■ **The data**

= Beginning of Section =

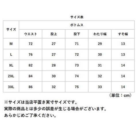 | サイズ | [メンズ] ・Mサイズ ・Lサイズ ・XLサイズ ・2XLサイズ ・3XLサイズ ※サイズについて詳細は、商品画像の中にあるサイズ表をご覧くださいませ。 |
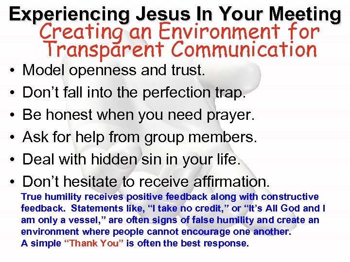 Experiencing Jesus In Your Meeting • • • Creating an Environment for Transparent Communication Model openness and trust. Don’t fall into the perfection trap. Be honest when you need prayer. Ask for help from group members. Deal with hidden sin in your life. Don’t hesitate to receive affirmation. True humility receives positive feedback along with constructive feedback. Statements like, “I take no credit, ” or “It’s All God and I am only a vessel, ” are often signs of false humility and create an environment where people cannot encourage one another. A simple “Thank You” is often the best response.
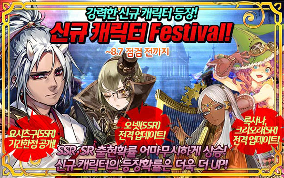 ... ‘오넷’은 신규 궁수 캐릭터로, 전장에 있는 다른 궁수 캐릭터를 강력하게 만드는 버프 능력을 갖고 있는 것이 특징이다. ‘요시츠구’와 ‘크리오나’ 등 신규 캐릭터는 31일부터 8월 7일까지 진행되는 ‘페스티벌’을 통해 얻을 수 있다. 해당 페스티벌에선 SSR 등급과 SR 등
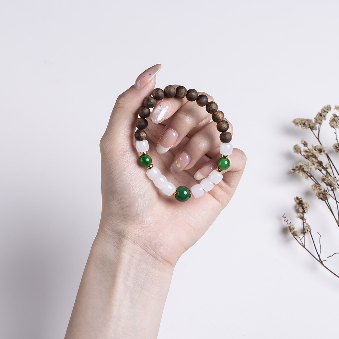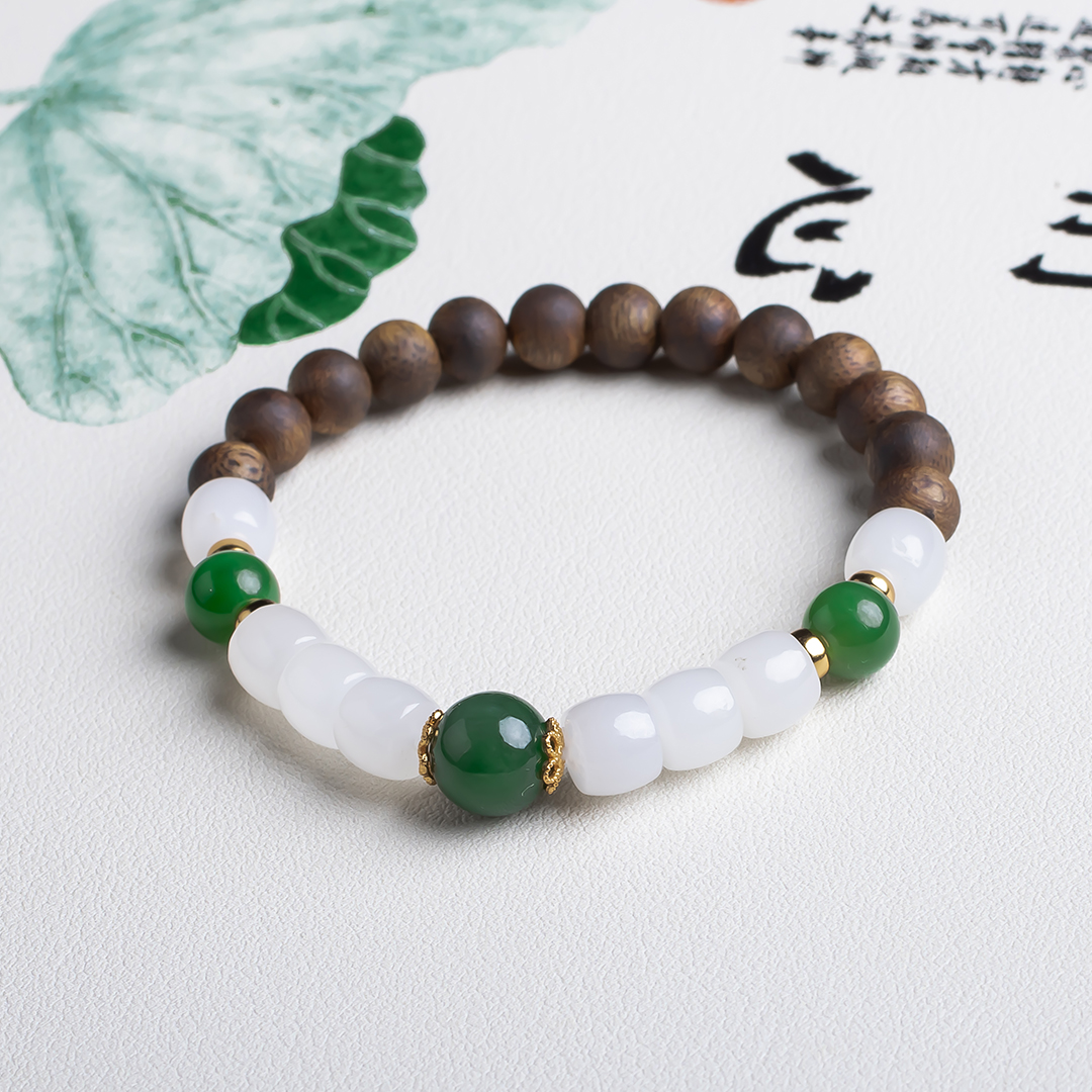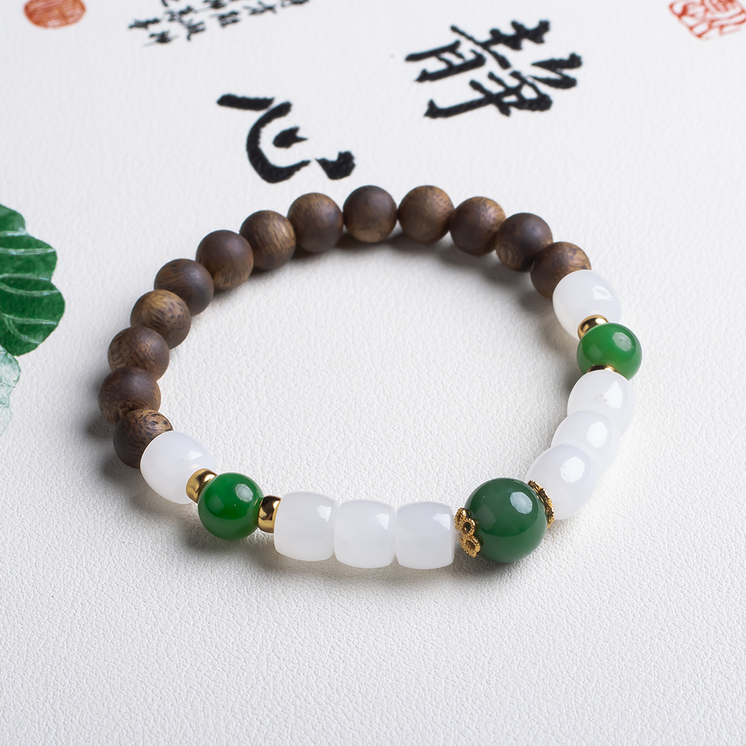 xy0481沉香+和田玉三生三世手串.银,天然沉香约7.3mm,原色原味,香味自然清甜,和田玉白玉桶珠,脂白无瑕,三颗满色碧玉相搭,吉祥与美好,与你相遇,是三生之约。
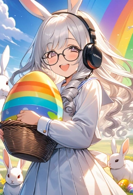 ((pastel color theme, yume kawaii)),masterpiece, best quality, extremely detailed, anime, absurdres,(((beautiful sky, rainbow))), (soap bubbles), (solo girl), (((white hair, long drill hair))), original character, (((sleepy face))), ((thick-rim glasses,headphone, white lolita fashion)), upper body, holding a pillow, (((white rabbits))),<lora:saturation:0.25> <lora:hyperdetailer_v060:1> ,,,,
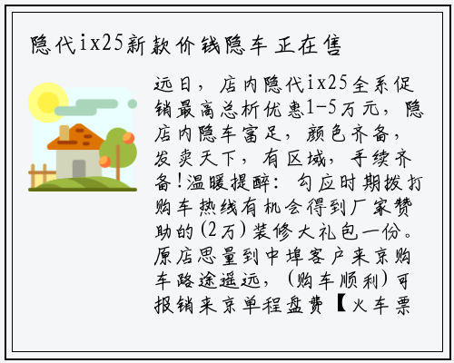 远日,店内隐代ix25全系促销最高总析优惠1-5万元,隐店内隐车富足,颜色齐备,发卖天下,有区域,手续齐备!
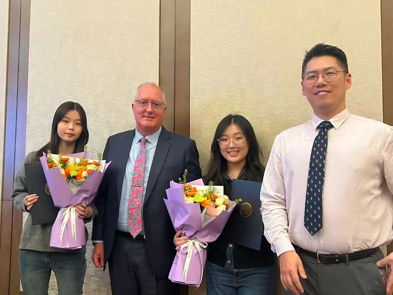 The ceremony, graced by the Consul General of Korea, was organized by the Dongguan Korean Chamber of Commerce. EunSu and JiMin entered the event under the escort of our Head of School, Dr. Daniel Mullen. Their Korean mother tongue teacher, DaeWoo Lee, also joined to celebrate this significant achievement.
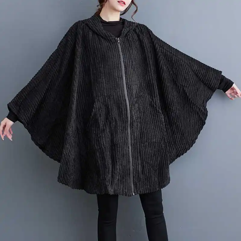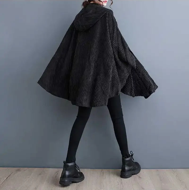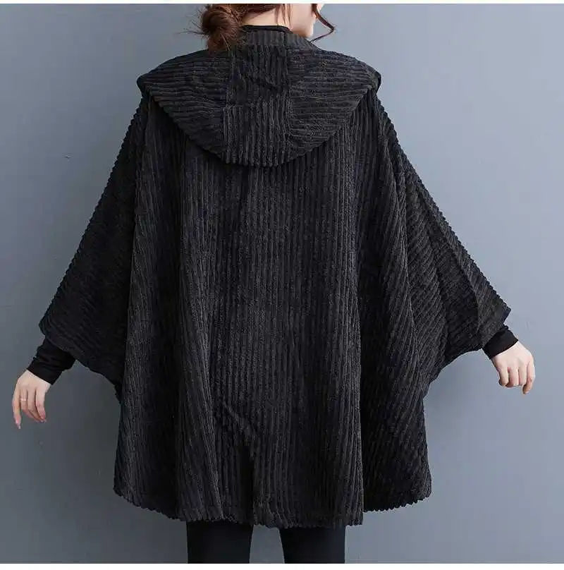 Découvrez le manteau velours côtelé femme, chaud, doux et tendance. Coupe élégante, manches chauve-souris et capuche protectrice. Idéal pour un hiver stylé!
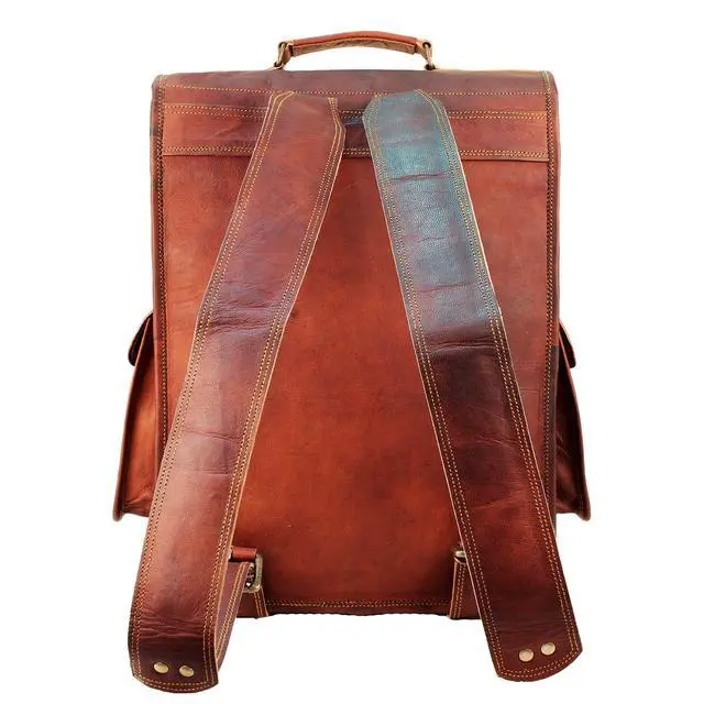 Dimension 16 Inch High 12 Inch Width. This Brown Leather backpack has 3 internal compartments Can accommodate books laptop, 1 zipper pocket inside the bag and also 1 zipper pocket under the flap which is very useful to keep you mobile and handy stuff. Two pocket on the both side of the bag. Leather backpacks are perfect for all day use for work. A perfect Leather bookbag or Computer backpack. ^^ Storage Whether it is your phone, and any other important stuff you can store it in this Vintage backpack for men and you also dont need to worry about its safety because there is zipper area for safekeeping of your items.
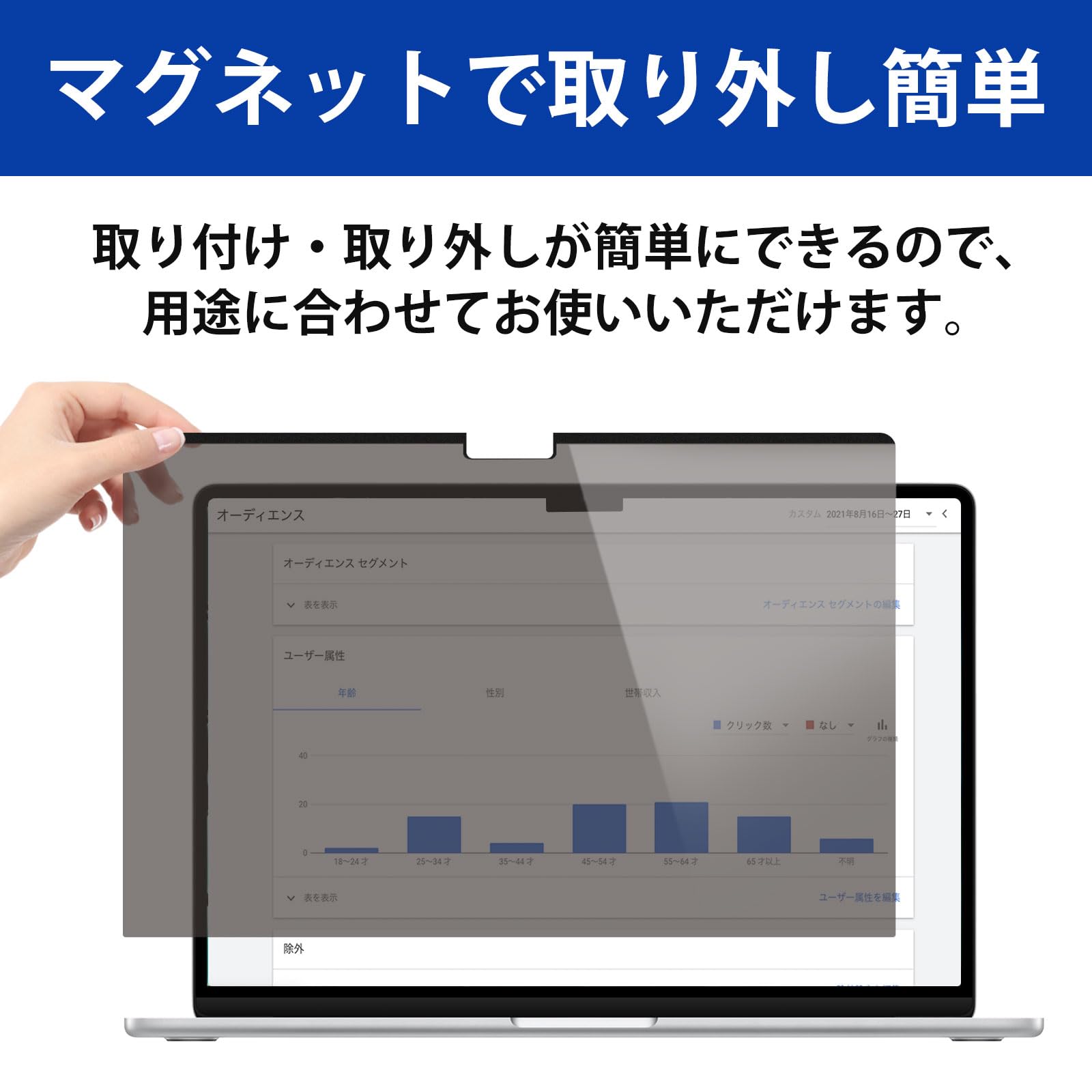 MacBook Air 15 2025 M4 /M3/M2 用 のぞき見防止 マグネット式 プライバシーフィルター 覗き見防止 フィルム 反射防止 ブルーライトカット 傷防止 両面使用

= End of Section =

■ **Action item**
Pictures stay out of the copy, while everything else in the records above goes in exactly as written.

■ **Answer box**
 | サイズ | [メンズ] ・Mサイズ ・Lサイズ ・XLサイズ ・2XLサイズ ・3XLサイズ ※サイズについて詳細は、商品画像の中にあるサイズ表をご覧くださいませ。 |
 Experiencing Jesus In Your Meeting • • • Creating an Environment for Transparent Communication Model openness and trust. Don’t fall into the perfection trap. Be honest when you need prayer. Ask for help from group members. Deal with hidden sin in your life. Don’t hesitate to receive affirmation. True humility receives positive feedback along with constructive feedback. Statements like, “I take no credit, ” or “It’s All God and I am only a vessel, ” are often signs of false humility and create an environment where people cannot encourage one another. A simple “Thank You” is often the best response.
 ... ‘오넷’은 신규 궁수 캐릭터로, 전장에 있는 다른 궁수 캐릭터를 강력하게 만드는 버프 능력을 갖고 있는 것이 특징이다. ‘요시츠구’와 ‘크리오나’ 등 신규 캐릭터는 31일부터 8월 7일까지 진행되는 ‘페스티벌’을 통해 얻을 수 있다. 해당 페스티벌에선 SSR 등급과 SR 등
 xy0481沉香+和田玉三生三世手串.银,天然沉香约7.3mm,原色原味,香味自然清甜,和田玉白玉桶珠,脂白无瑕,三颗满色碧玉相搭,吉祥与美好,与你相遇,是三生之约。
 ((pastel color theme, yume kawaii)),masterpiece, best quality, extremely detailed, anime, absurdres,(((beautiful sky, rainbow))), (soap bubbles), (solo girl), (((white hair, long drill hair))), original character, (((sleepy face))), ((thick-rim glasses,headphone, white lolita fashion)), upper body, holding a pillow, (((white rabbits))),<lora:saturation:0.25> <lora:hyperdetailer_v060:1> ,,,,
 远日,店内隐代ix25全系促销最高总析优惠1-5万元,隐店内隐车富足,颜色齐备,发卖天下,有区域,手续齐备!
 The ceremony, graced by the Consul General of Korea, was organized by the Dongguan Korean Chamber of Commerce. EunSu and JiMin entered the event under the escort of our Head of School, Dr. Daniel Mullen. Their Korean mother tongue teacher, DaeWoo Lee, also joined to celebrate this significant achievement.
 Découvrez le manteau velours côtelé femme, chaud, doux et tendance. Coupe élégante, manches chauve-souris et capuche protectrice. Idéal pour un hiver stylé!
 Dimension 16 Inch High 12 Inch Width. This Brown Leather backpack has 3 internal compartments Can accommodate books laptop, 1 zipper pocket inside the bag and also 1 zipper pocket under the flap which is very useful to keep you mobile and handy stuff. Two pocket on the both side of the bag. Leather backpacks are perfect for all day use for work. A perfect Leather bookbag or Computer backpack. ^^ Storage Whether it is your phone, and any other important stuff you can store it in this Vintage backpack for men and you also dont need to worry about its safety because there is zipper area for safekeeping of your items.
 MacBook Air 15 2025 M4 /M3/M2 用 のぞき見防止 マグネット式 プライバシーフィルター 覗き見防止 フィルム 反射防止 ブルーライトカット 傷防止 両面使用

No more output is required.